Exposing a service to even a trusted LAN is a different threat surface than loopback. The password endpoint that "worked fine in testing" is one open port away from a credential-stuffing script. The development JWT secret in an env file gets committed to git, and the private repo isn't as private as assumed. The admin panel with no authentication because "only I know the URL" is now accessible to anyone on the subnet.
None of this is theoretical. Every item on the checklist below addresses a class of gap that, left open, becomes a real incident. The walkthrough treats the deployment gate as a pre-flight: the service doesn't go live until every box is checked.
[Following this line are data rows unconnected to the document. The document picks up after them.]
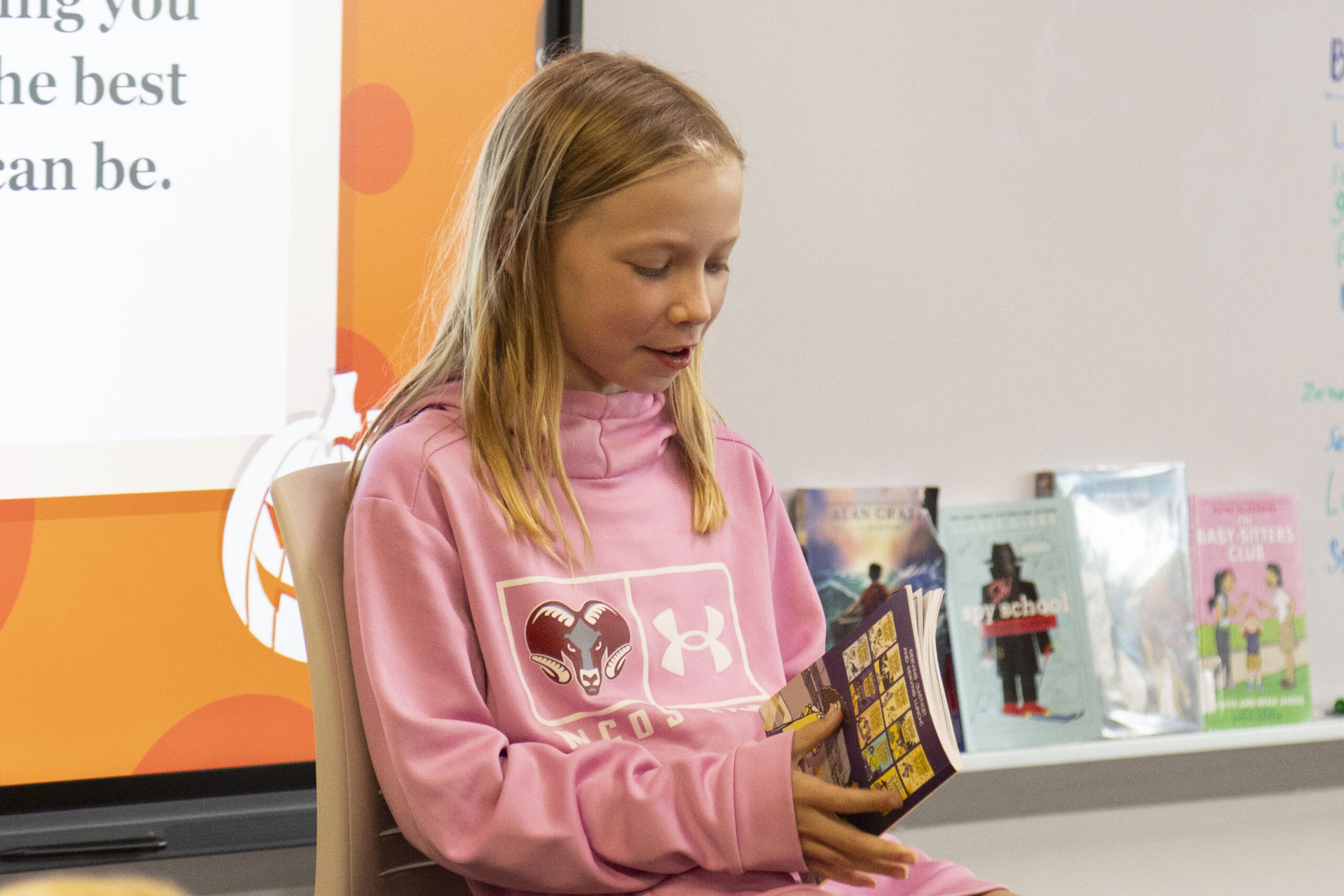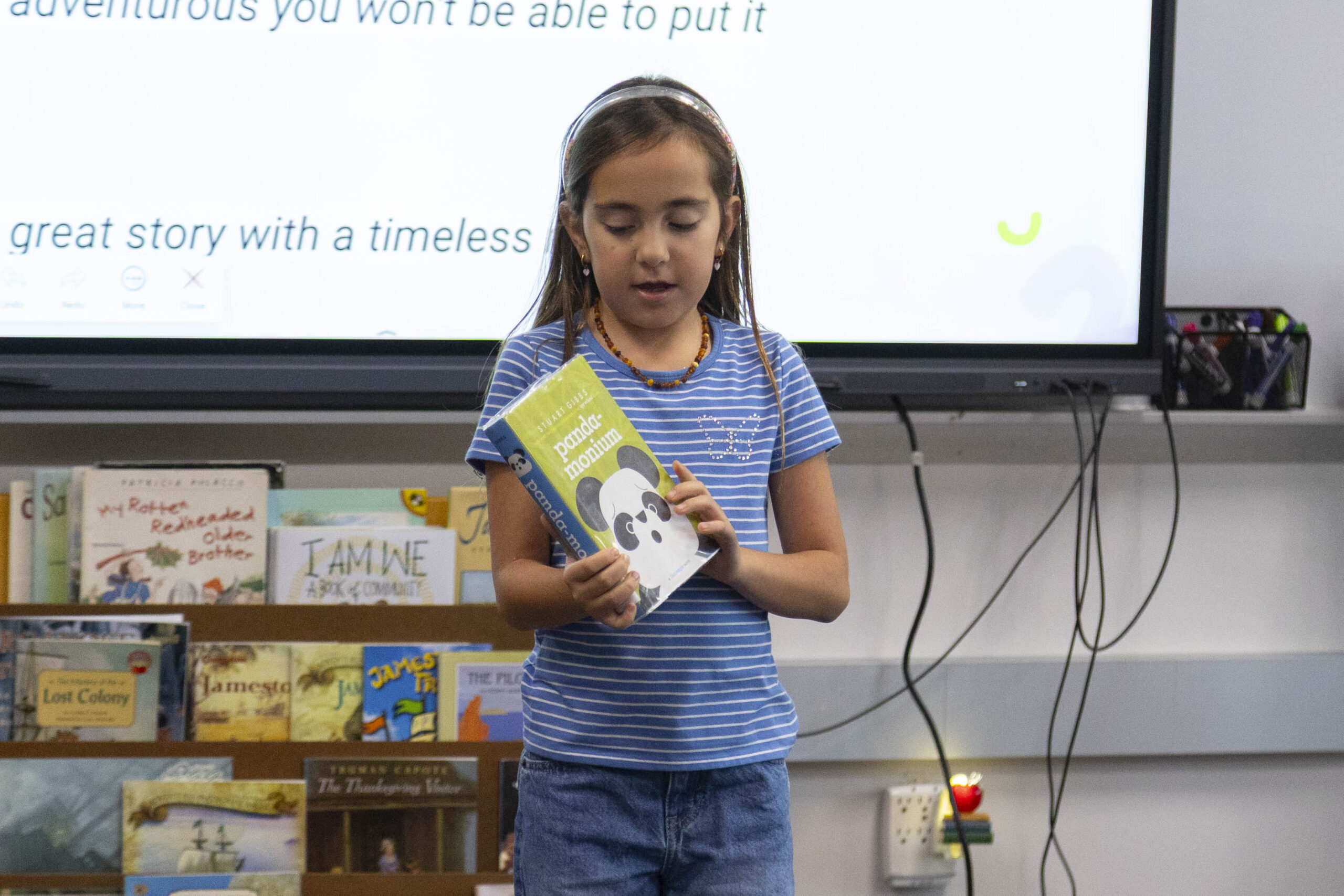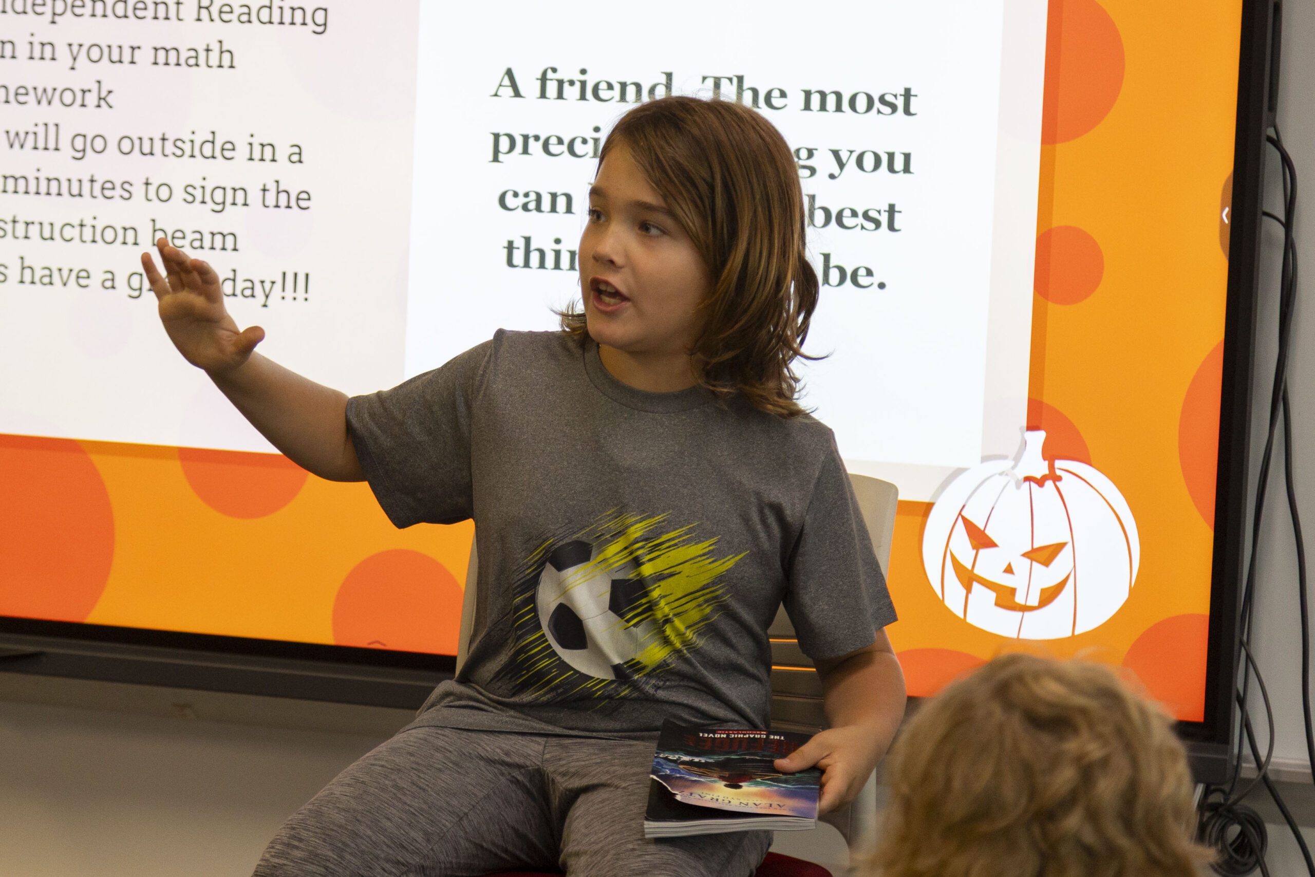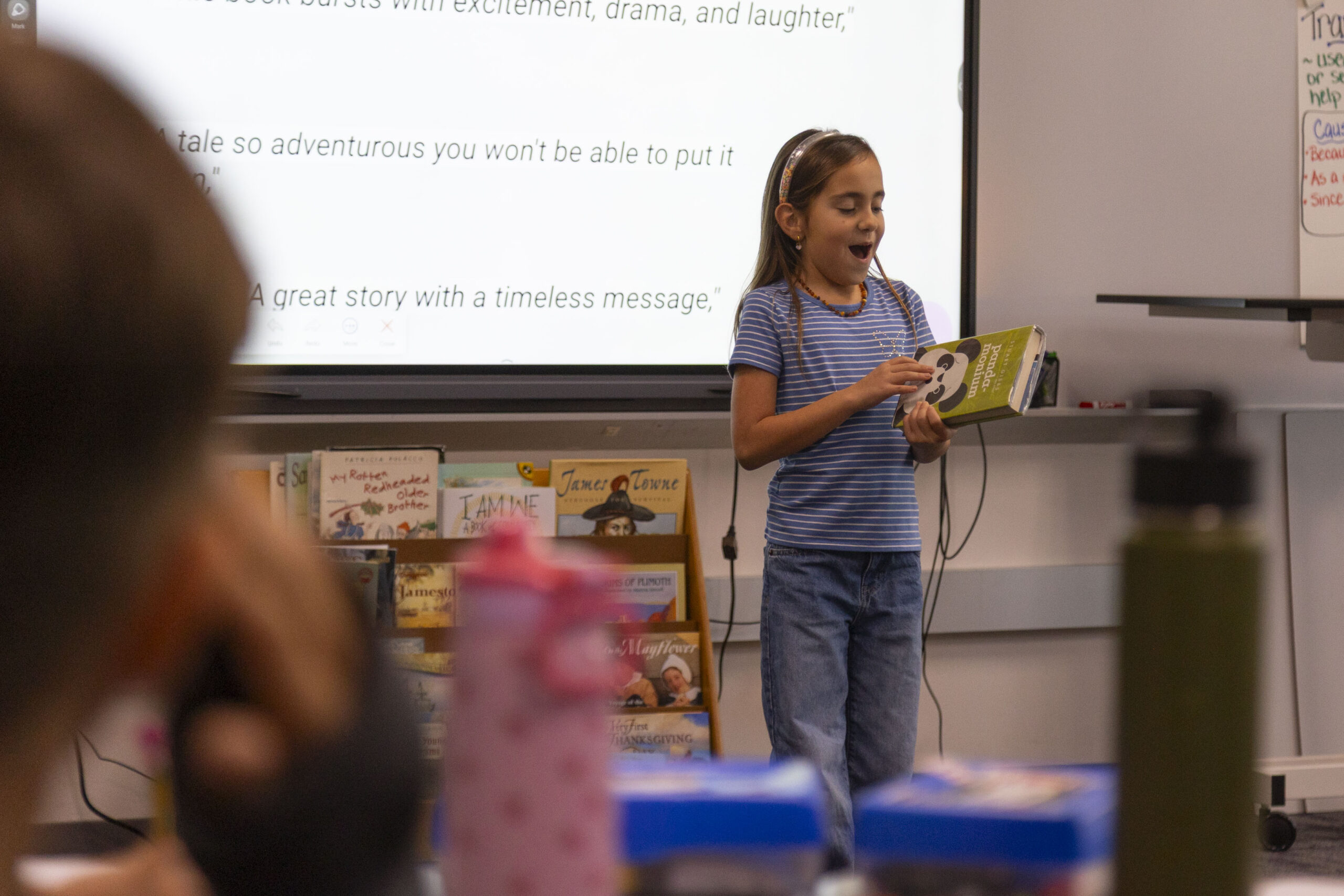 Beyond new genres, students practice presentation skills and persuasive speech while getting comfortable speaking in front of an audience. Additionally, they work on listening, critical thinking, and analytical skills as they answer questions from the audience on the fly about which book in a series they like most or how the main character compares to another character. The Book Talks also fuel a genuine interest in reading. “I had several parents remark at Fall Conferences that their child seems so much more excited about reading this year and was actually choosing to read at home,” adds Ms. Waters.
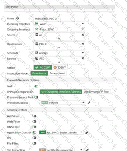 An OT architect has implemented a Modbus TCP with a simulation server Conpot to identify and control the Modus traffic in the OT network. The FortiGate-Edge device is configured with a software switch interface ssw-01.
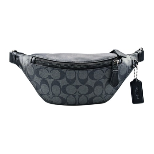 [平輸版] 【COACH】黑灰C LOGO PVC前扣袋斜背男包(小) 真品平輸
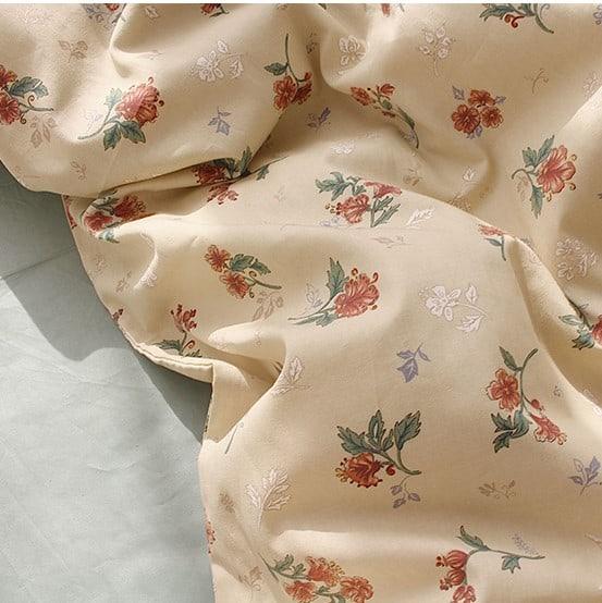 sử dụng vải cotton 100% chất lượng cao. Họa tiết hoa màu đỏ nhỏ nhắn ấm áp và mềm mại được kết hợp với màu xanh tươi mát tạo cảm giác như một vườn hoa, cả không gian bừng sáng. Để tinh tế hơn, một thiết kế diềm ren xếp nếp rộng màu trắng được thêm vào tăng thêm cảm giác bềnh bồng giữa thiên nhiên tươi mát. Chất liệu vải mềm mịn, thoải mái và ấm áp.
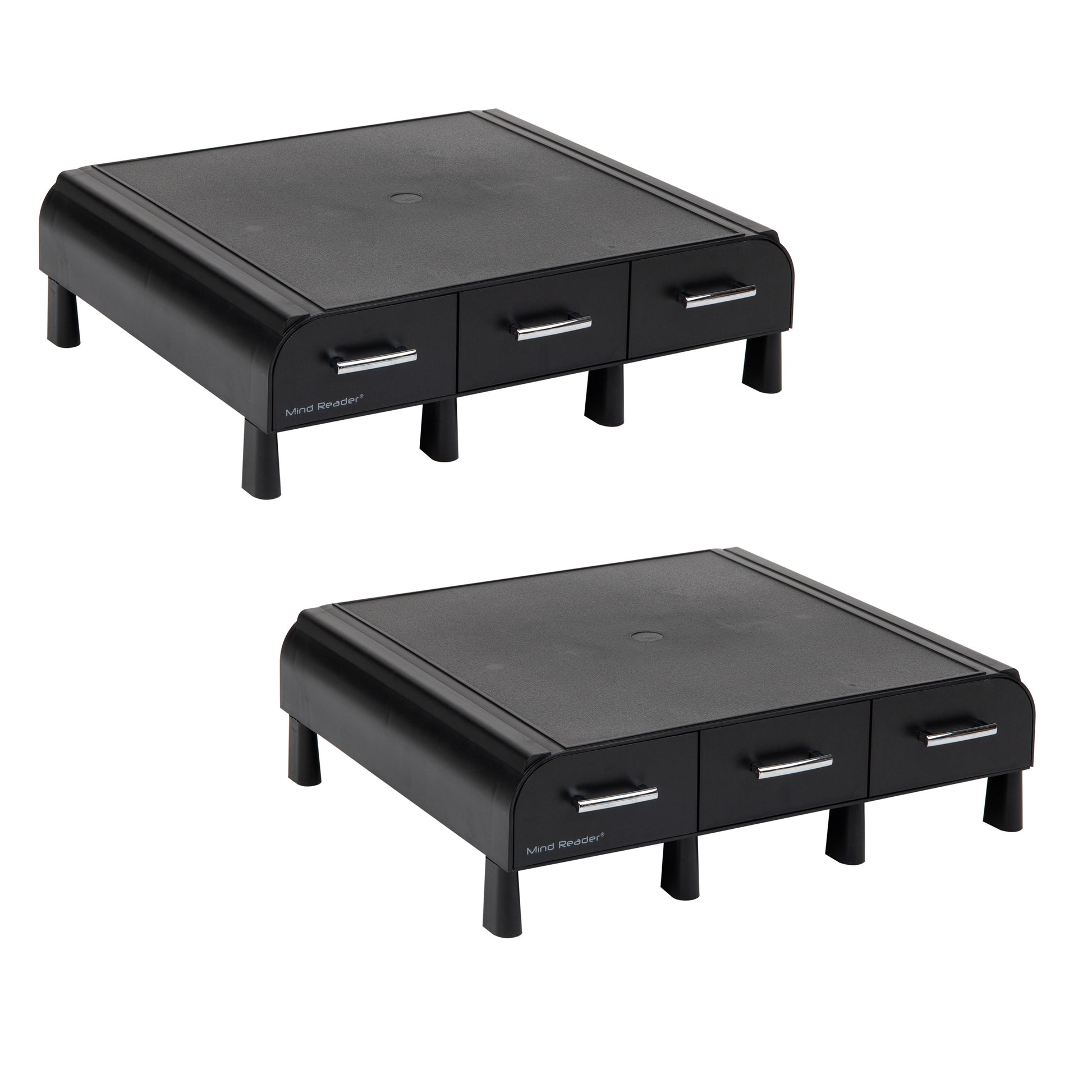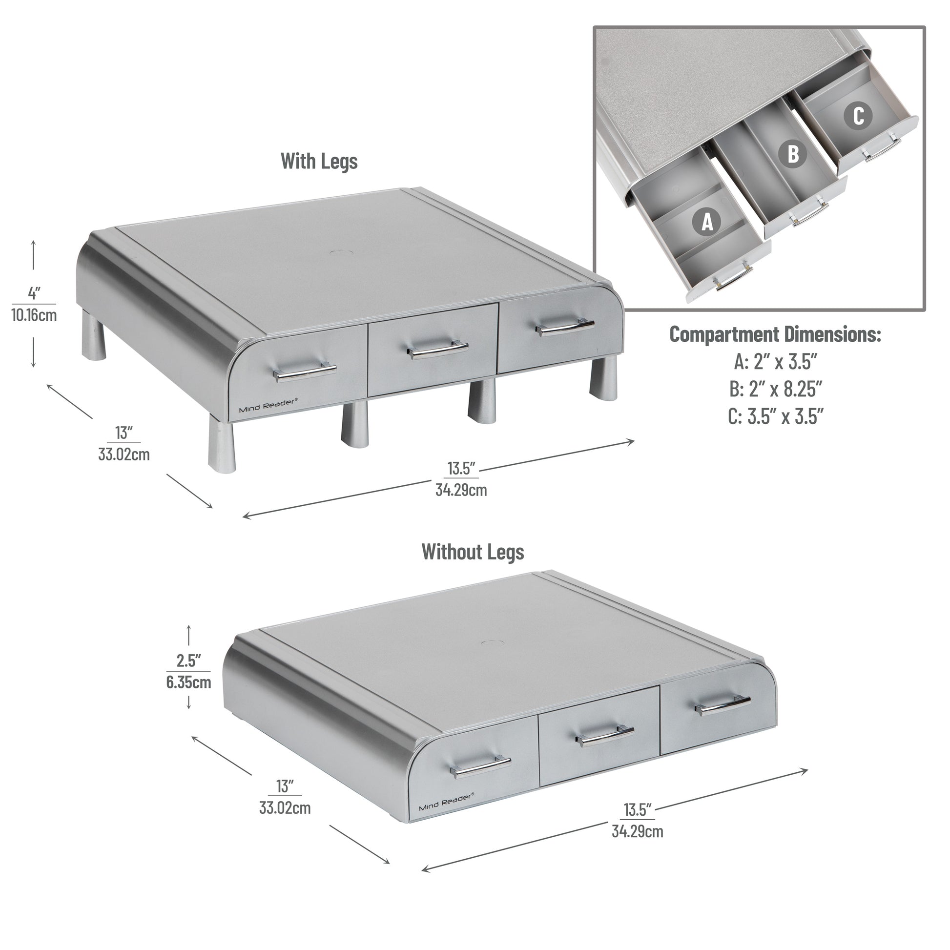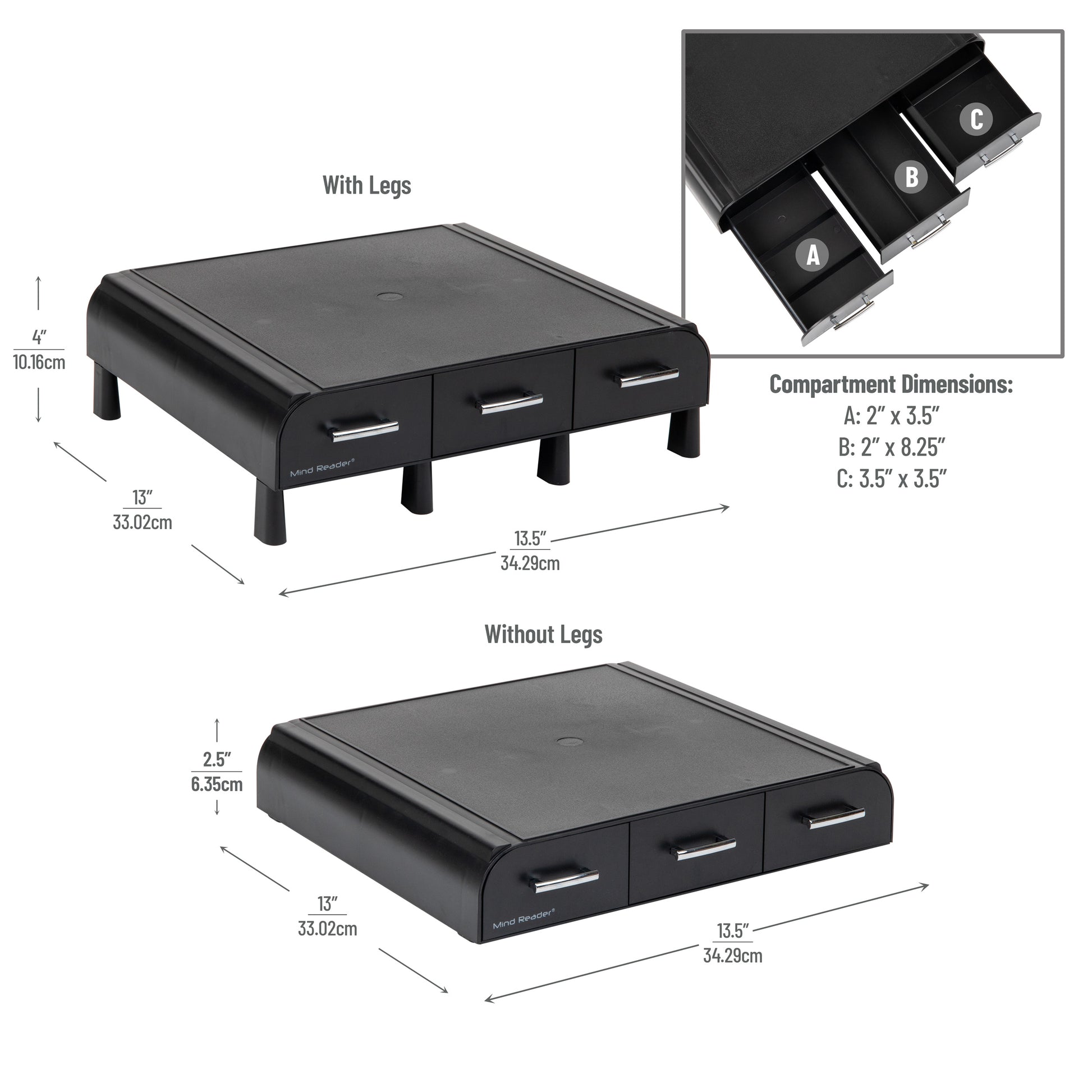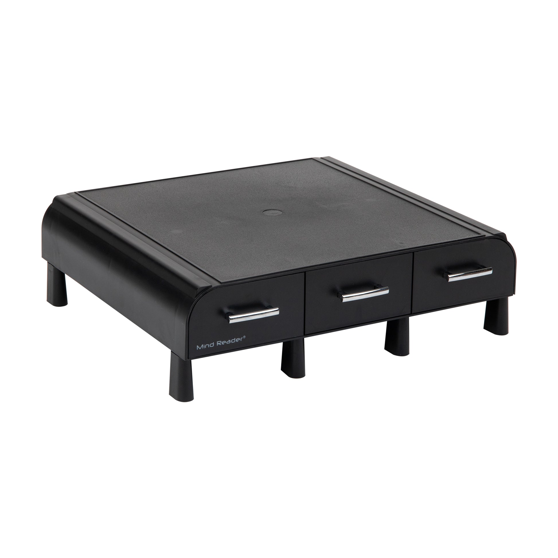 Mind Reader Monitor Stand, 3 Storage Drawers, Desktop Organizer, Riser, Office, 13.5"L x 13"W x 4"H

It also maps directly to the A+ security and operational-procedures domains, because the exam is testing the same professional discipline, just described in its own vocabulary.
📘 Objectives covered (220-1102) >Core 2 (220-1102)- 2.x, Security: authentication concepts (password, token, MFA factors); secure vs. insecure protocols (HTTPS/SSH vs. HTTP/Telnet); account lockout policy; least privilege and role-based access; failure logging as a security control.- 4.x: Operational Procedures: repeatable deployment checklists; documentation and change management; secure credential and secrets handling. >Concepts taught: HTTPS/TLS termination via reverse proxy, JWT/session tokenarchitecture, TOTP and WebAuthn as MFA factors, brute-force lockout andfailure logging, secure HTTP headers, secrets management, and a numberedsecure-deployment checklist.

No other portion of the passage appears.